Norman and Olive bought a cottage in the Lake District near Ulverston in 1967, and many family holidays were spent up there. Prior to this, the family had often holidayed in North Wales. Both Norman and Olive loved the Lake District, which was another inspiration for Norman’s paintings. Norman was an accurate observer of people, patients, sportsmen and golfing technique, such that his handicap dropped to single figures in retirement. He was very fond of making on the spot diagnoses of people he saw on the street, and had a deep set suspicion of people who wore tinted spectacles indoors or in cloudy weather.
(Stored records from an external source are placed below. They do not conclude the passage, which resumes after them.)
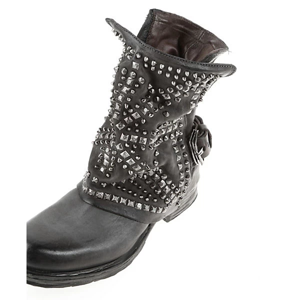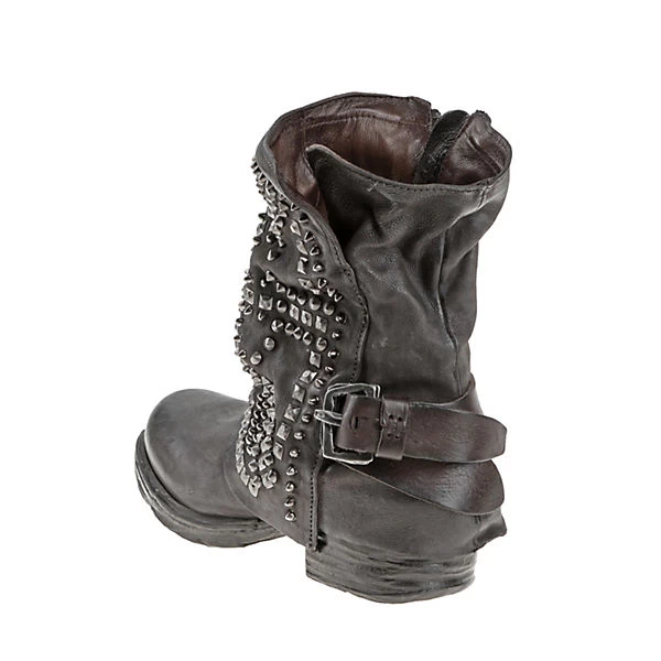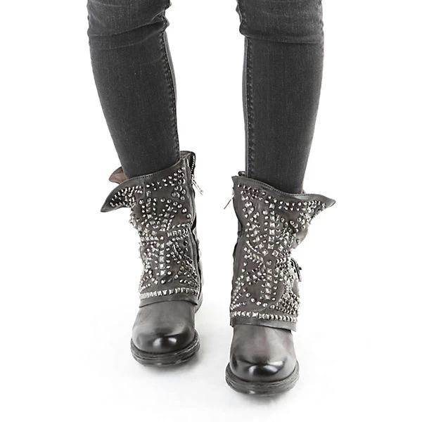 Aufregender Biker-Boot mit zahlreichen Nieten vorne am Schaft. Metallische Details komplementieren den sonst so schlichten Schnitt des Schuhs und machen ihn zu einem Hingucker.
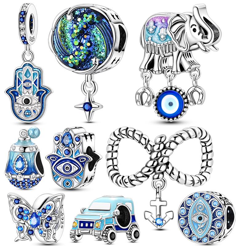 Original Copper Elephant Eye Hand Car Butterfly Blue Zircon Beads Pendants Charms Fit Bracelet Necklace Jewelry
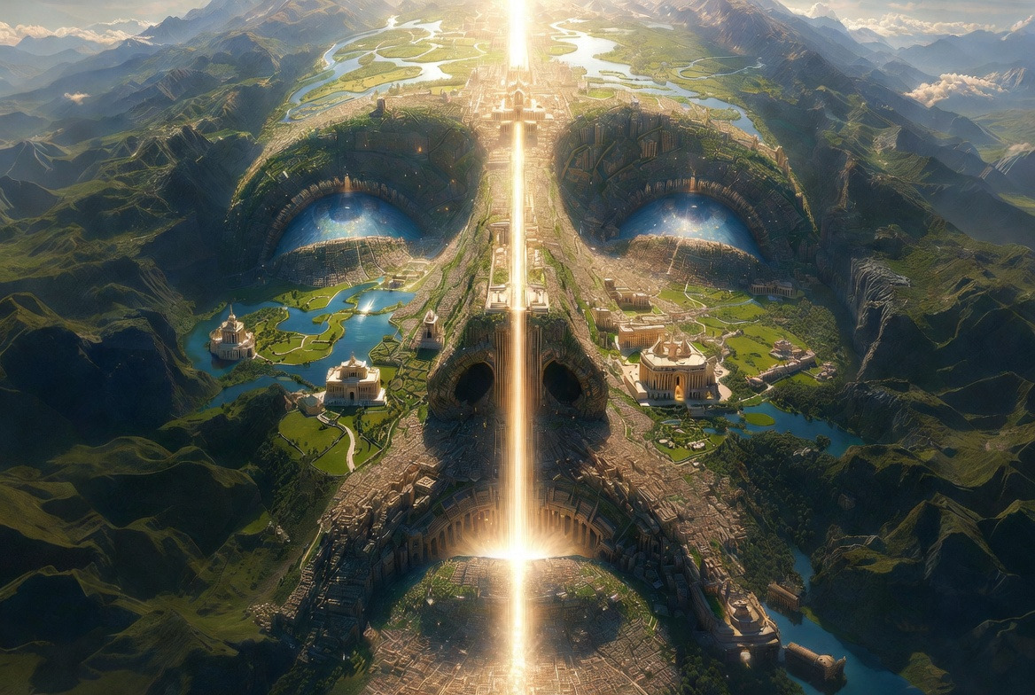 Ultra-large-scale biblical theme park master plan, aerial view from heaven-level altitude, 8K resolution, ultra-detailed, hyper-realistic, cinematic lighting
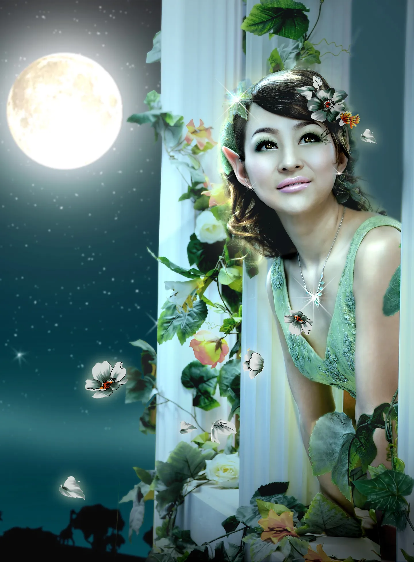 希望可以修得像精灵一样,把耳朵修成尖的,人物要深远点的,不要近景,背景最好用魔兽里森林的那种场景!!
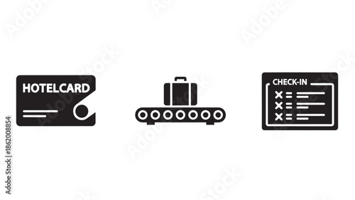 Hotel Icons Set in Simple Monochrome Design with White Graphics on Black Background for Travel Website
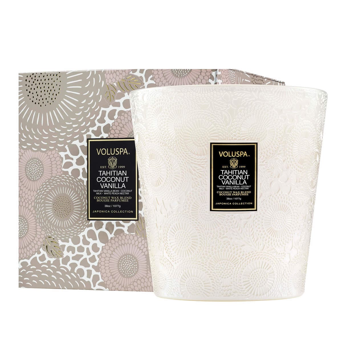 נר בניחוח Tahitian Coconut Vanilla מסדרת JAPONICA, נר ריחני סופר איכותי, ארוז בכלי יפיפה של Voluspa.
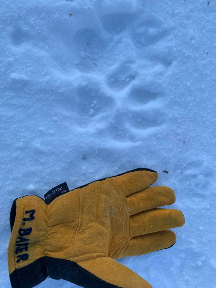 “Outro dia, vi algumas pegadas de lobo. Uma luva do tamanho XL para comparação”
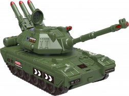 Součástí balení jsou 4 kovově působící plastová autíčka (7 cm) s volnoběžnými koly pro plynulou jízdu. Tank je vybaven 3 kanóny na vystřelovací šipky pro ještě více akce. Napájení zajišťují 3x AA baterie (nejsou součástí balení).
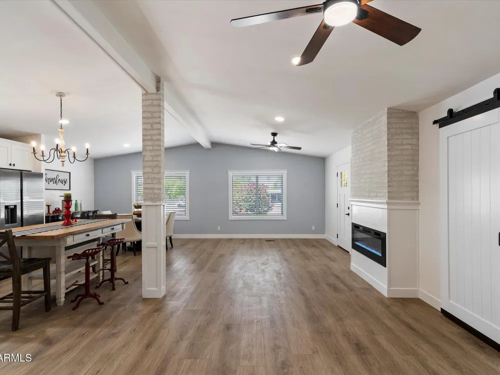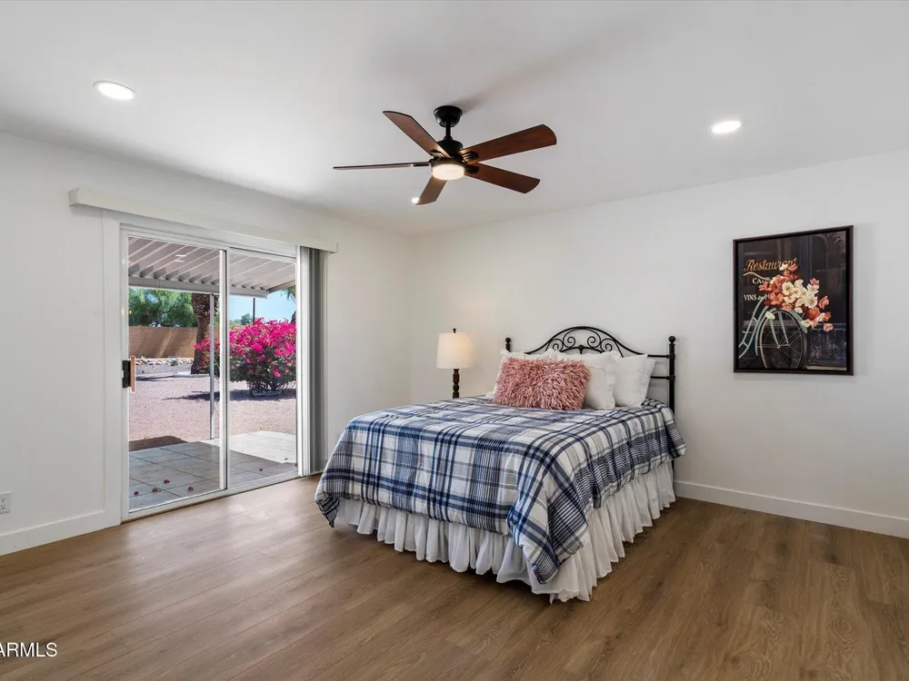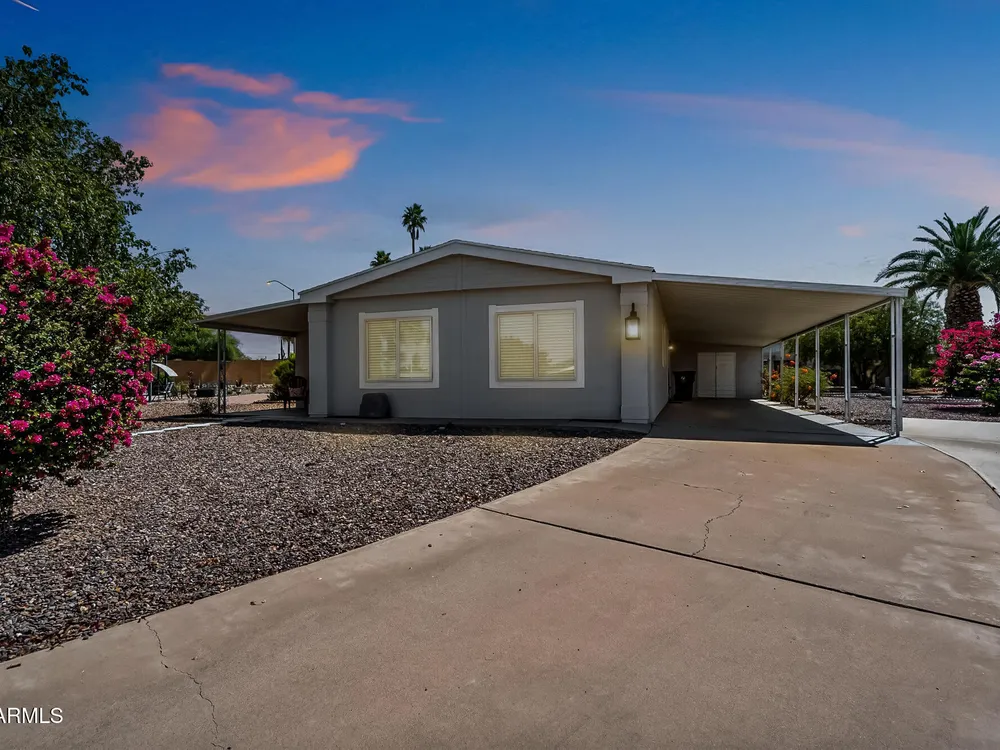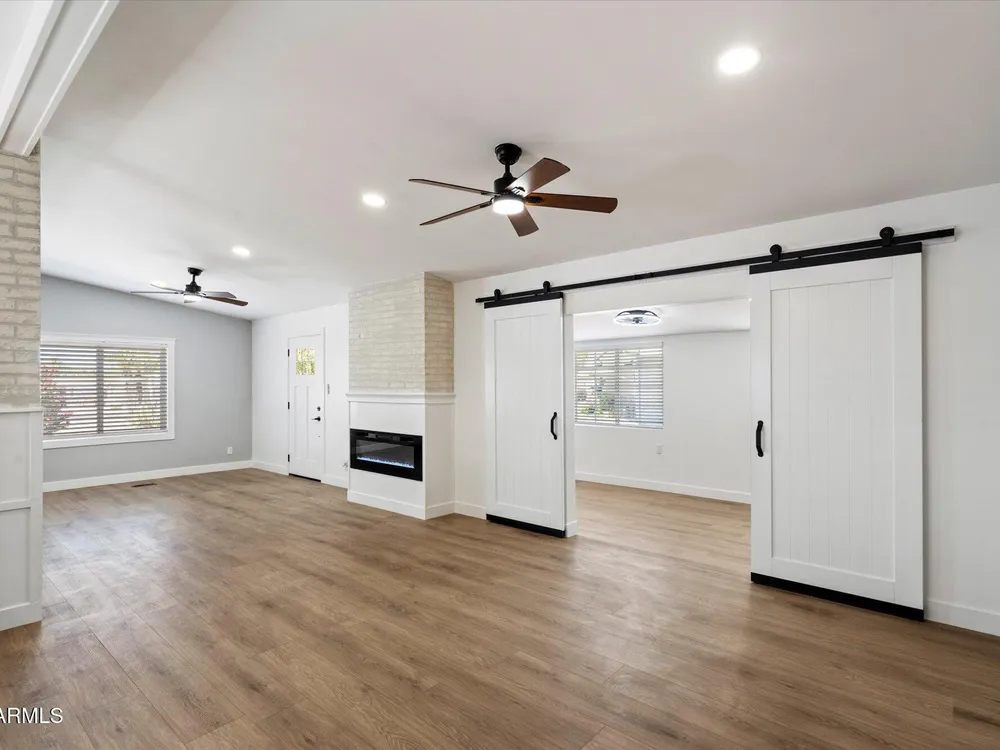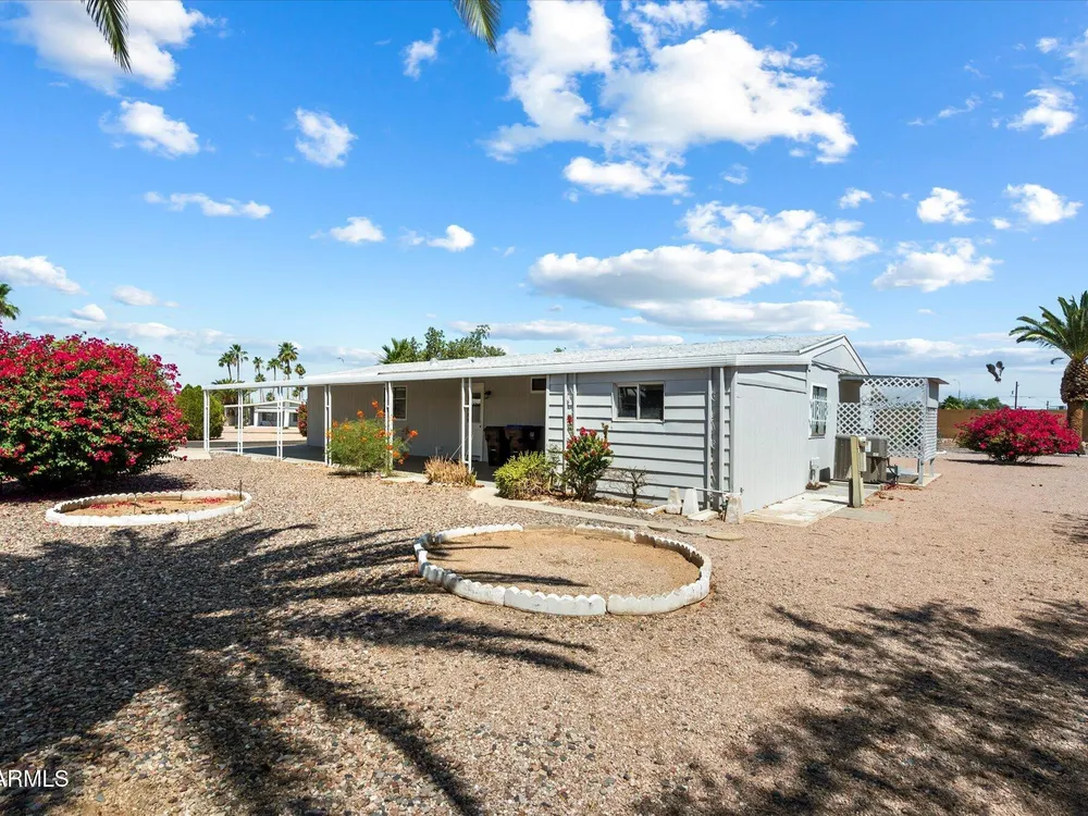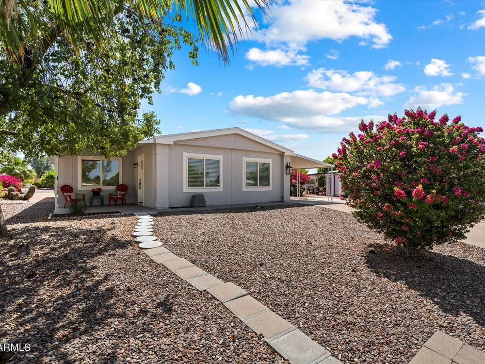 Start your next chapter in style and comfort! SECURE YOUR IDEAL AZ HOME IN TIME FOR THE UPCOMING SEASON! Tucked away in the vibrant 55+ active adult lifestyle community of Fountain of the Sun, this STUNNING & FULLY REMODELED home is TURN-KEY, MOVE-IN READY & provides the perfect blend of modern elegance and relaxed comfort. Positioned on an oversized lot & offering rare outdoor space- where you OWN the land, the entire home has been fully transformed in 2024 with no expense spared! The light & bright, open-concept floor plan is designed for both entertaining and everyday living. Features include: vaulted ceilings, Luxury plank Vinyl flooring, crown molding, custom electric fireplace, barn doors, custom lighting t/o, drywall & flat textured walls (NO panelling), new dual paned windows & int/ext paint. Stunning custom kitchen w/ white soft-close Shaker Cabinets, new hardware, quartz counters, upgraded stainless steel appliances, custom range hood & an amazing walk-in pantry. Custom bathrooms w/ quartz surround shower & raised vanities. Primary suite has a separate exit to a private patio. Secondary guest quarters w/ additional living space & a sep. entrance. New electrical & plumbing. This welcoming 55+ community boasts resort-style amenities including a heated pool, clubhouse, fitness center, an exceptional 18-hole executive golf course, and a full calendar of activities. & events. Close to shopping, restaurants & freeways - Don't miss this opportunity to start living your ideal AZ lifestyle!
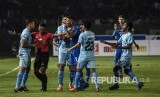 Pemain Persib dan Persela bersitegang pada laga antara Persib Bandung melawan Persela Lamongang, di Stadion Jalak Harupat, Bandung, Ahad (1/3). (FOTO : Abdan Syakura)
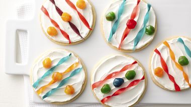 Desenrolla y quita el papel de los 8 snacks Betty Crocker Fruit Roll-Ups. Dobla cada rollo de fruta a la mitad, luego dóblalo otra vez a la mitad para formar un cuadrado. Presiona suavemente para formar un cuadrado de aproximadamente 3 pulg. Usando un molde redondo de 2 ¾ pulg., corta el snack de fruta de forma circular.

He enjoyed watching sport, especially rugby and cricket. He liked to take his family to watch the local cricket in Sefton Park, or at Lindal in Furness, near the holiday home, or on special occasions to the Test and county matches at Old Trafford.  He often watched sport on the television, and especially during rugby matches seemed ready to dive into the TV and participate in the game himself. He also had a lifelong love of railways, and built a large collection of books on the subject, especially the Lancashire and Yorkshire Railway. He enjoyed watching the trains at Edge Hill or Mossley Hill in Liverpool, or Winwick near Warrington. When on holiday in the Lake District, he would go with his son John to watch trains at Hest Bank, or near Scout Green on Shap. He created an extensive model railway in the loft in Woolton – as much for his own pleasure as for his sons.

In the 1990s, he developed diabetes, which affected his balance and meant he could no longer play golf. It also affected his hands, and meant he could no longer paint. Norman became increasingly disabled and was eventually unable to move very far without a wheelchair. Olive became ill in 2004, which was a major blow, and he struggled to cope with these events. It is a mark of the man that his many friends in Liverpool rallied around and helped him to visit Olive, and in many other ways when needed. Norman died in Liverpool in February 2009.